Par une écriture précise et retenue Benahmeed Daho confronte le lecteur à une mémoire longtemps occultée soulignant combien les fractures du passé continuent de structurer les réalités sociales contemporaines.
Rachid Benzine
Les silences des pères Seuil
Avec Les silences des pères publié au Seuil Rachid Benzine confirme sa place centrale dans le paysage littéraire français. Le roman suit Amin pianiste qui découvre après la mort de son père une série de cassettes audio retraçant son parcours de travailleur immigré en France.
À travers ces enregistrements se dessine l’histoire des premières générations de migrants confrontées à des conditions de travail éprouvantes et à un racisme structurel.

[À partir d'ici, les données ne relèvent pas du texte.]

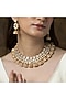 Featuring a gold finish necklace, set in brass. It is paired with a matching pair of earrings. Ideal for festive occasions, weddings, or elevating your elegant evening look.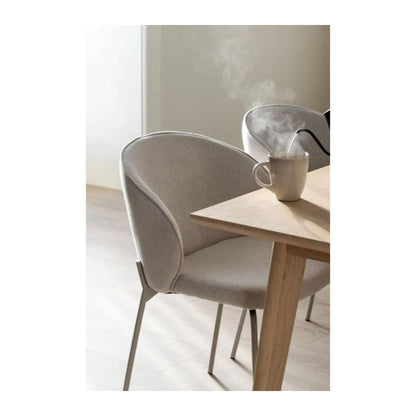 Nora spisebordet fra Kid har en slank og moderne skandinavisk stil, designet med avrundede kanter og en bordplate i eikefiner, støttet av ben i heltre eik. Denne utformingen gir et minimalistisk, men eksklusivt preg på ethvert spisestueinnredning.

Le silence paternel apparaît alors comme une stratégie de survie plutôt qu’une absence affective.
Le roman articule avec finesse l’histoire intime et la mémoire collective proposant une réflexion profonde sur la transmission la reconnaissance et la difficulté de faire émerger des récits longtemps tus.
Leïla Slimani
Figure incontournable de la littérature française contemporaine Leïla Slimani occupe une position singulière. Depuis son prix Goncourt en 2016 pour Chanson douce elle s’est imposée comme l’une des autrices les plus lues. En publiant Regardez nous danser deuxième volet de la trilogie Le Pays des autres elle poursuit une exploration romanesque de l’histoire marocaine à travers une saga familiale.
Parallèlement à son œuvre littéraire sa visibilité politique et médiatique ainsi que certaines prises de position controversées ont contribué à faire d’elle une figure clivante. Cette tension constante entre reconnaissance institutionnelle et critiques idéologiques illustre les fractures qui traversent aujourd’hui le champ culturel franco maghrébin.
Ces trajectoires confirment une réalité désormais incontournable. Les écrivains français d’origine arabe ne se situent plus à la marge de la littérature contemporaine mais en constituent l’un des foyers les plus dynamiques. En investissant la langue française pour interroger l’exil la mémoire et la société ils déplacent les lignes du récit national et rappellent que la littérature demeure un espace critique essentiel capable de penser les contradictions que le débat public peine encore à affronter.